DIRECTIONS FOR THIS TASK
Take the data below and copy exactly the lines starting at the one with "(00700)。北水淨賣出最多的個股是中芯國際 (00981)、阿里巴巴-W(09988)、信達生物 (01801)。" and finishing at the one with "#ParshaYomi #Truma 6: Altar: acacia", both included.

RECORDS FOR THIS TASK
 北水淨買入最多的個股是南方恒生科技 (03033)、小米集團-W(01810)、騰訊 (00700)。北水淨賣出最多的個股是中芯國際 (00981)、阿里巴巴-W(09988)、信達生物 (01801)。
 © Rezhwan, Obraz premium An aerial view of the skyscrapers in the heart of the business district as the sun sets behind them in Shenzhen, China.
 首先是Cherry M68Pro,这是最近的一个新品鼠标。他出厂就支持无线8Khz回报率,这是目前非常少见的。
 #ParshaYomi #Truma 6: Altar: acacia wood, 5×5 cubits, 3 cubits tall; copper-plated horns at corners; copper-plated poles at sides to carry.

* * *

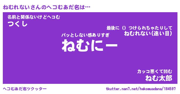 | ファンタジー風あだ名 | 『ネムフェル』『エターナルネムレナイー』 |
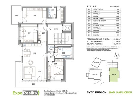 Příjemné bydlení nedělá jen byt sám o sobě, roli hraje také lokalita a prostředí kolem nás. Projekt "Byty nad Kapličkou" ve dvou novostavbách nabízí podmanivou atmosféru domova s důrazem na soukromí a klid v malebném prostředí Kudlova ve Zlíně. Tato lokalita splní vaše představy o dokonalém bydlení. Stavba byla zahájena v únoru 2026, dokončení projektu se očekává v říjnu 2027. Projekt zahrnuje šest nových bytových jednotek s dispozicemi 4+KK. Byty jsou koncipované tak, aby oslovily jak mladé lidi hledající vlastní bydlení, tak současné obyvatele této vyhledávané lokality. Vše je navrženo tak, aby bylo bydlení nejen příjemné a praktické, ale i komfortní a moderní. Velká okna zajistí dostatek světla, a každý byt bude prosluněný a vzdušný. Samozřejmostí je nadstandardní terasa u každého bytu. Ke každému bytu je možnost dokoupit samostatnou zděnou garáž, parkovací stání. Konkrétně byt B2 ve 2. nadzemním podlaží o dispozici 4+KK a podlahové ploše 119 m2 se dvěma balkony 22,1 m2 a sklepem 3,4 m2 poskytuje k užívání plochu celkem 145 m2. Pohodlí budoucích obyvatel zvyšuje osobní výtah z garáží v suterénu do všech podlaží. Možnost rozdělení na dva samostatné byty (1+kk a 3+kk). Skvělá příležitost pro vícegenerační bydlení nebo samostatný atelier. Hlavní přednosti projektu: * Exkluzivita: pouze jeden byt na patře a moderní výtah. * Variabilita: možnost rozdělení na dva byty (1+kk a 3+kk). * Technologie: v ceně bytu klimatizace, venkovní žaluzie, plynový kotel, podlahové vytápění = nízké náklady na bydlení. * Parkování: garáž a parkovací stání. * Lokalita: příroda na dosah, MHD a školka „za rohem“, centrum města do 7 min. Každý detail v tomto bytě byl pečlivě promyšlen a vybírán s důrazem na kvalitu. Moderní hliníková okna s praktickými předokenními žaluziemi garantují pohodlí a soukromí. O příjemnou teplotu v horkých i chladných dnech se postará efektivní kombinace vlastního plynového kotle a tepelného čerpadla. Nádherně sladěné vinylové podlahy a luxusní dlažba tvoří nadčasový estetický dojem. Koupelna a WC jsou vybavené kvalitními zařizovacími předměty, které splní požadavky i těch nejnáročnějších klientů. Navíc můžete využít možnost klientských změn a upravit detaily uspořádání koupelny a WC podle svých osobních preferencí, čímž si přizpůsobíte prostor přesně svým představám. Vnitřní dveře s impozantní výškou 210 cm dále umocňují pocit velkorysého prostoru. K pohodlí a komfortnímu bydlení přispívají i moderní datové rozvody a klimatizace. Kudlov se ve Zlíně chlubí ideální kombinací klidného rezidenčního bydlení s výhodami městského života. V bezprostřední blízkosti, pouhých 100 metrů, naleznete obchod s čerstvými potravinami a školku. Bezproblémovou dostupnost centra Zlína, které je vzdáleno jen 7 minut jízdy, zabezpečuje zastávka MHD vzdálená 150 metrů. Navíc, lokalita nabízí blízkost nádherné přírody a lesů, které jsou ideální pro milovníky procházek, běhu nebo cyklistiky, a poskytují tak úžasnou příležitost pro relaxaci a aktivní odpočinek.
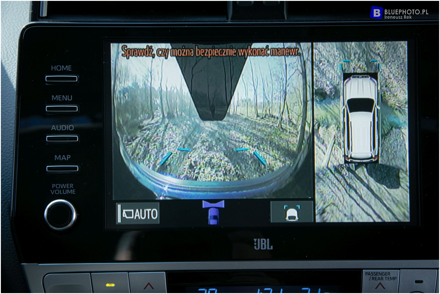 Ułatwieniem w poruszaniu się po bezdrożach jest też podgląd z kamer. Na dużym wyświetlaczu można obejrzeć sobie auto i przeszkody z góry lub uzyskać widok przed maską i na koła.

--

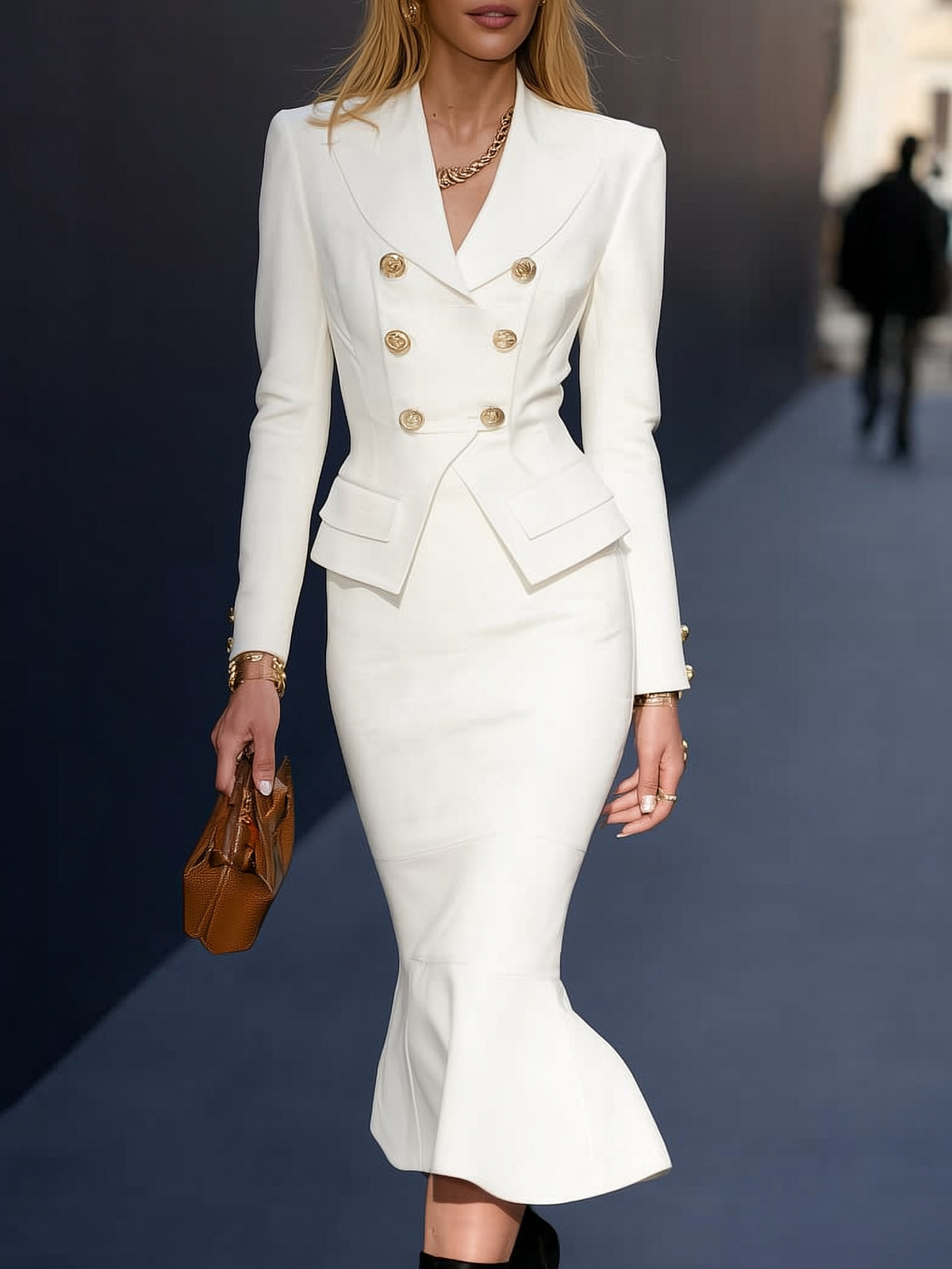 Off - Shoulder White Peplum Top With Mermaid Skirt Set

RESULT BELOW
 北水淨買入最多的個股是南方恒生科技 (03033)、小米集團-W(01810)、騰訊 (00700)。北水淨賣出最多的個股是中芯國際 (00981)、阿里巴巴-W(09988)、信達生物 (01801)。
 © Rezhwan, Obraz premium An aerial view of the skyscrapers in the heart of the business district as the sun sets behind them in Shenzhen, China.
 首先是Cherry M68Pro,这是最近的一个新品鼠标。他出厂就支持无线8Khz回报率,这是目前非常少见的。
 #ParshaYomi #Truma 6: Altar: acacia wood, 5×5 cubits, 3 cubits tall; copper-plated horns at corners; copper-plated poles at sides to carry.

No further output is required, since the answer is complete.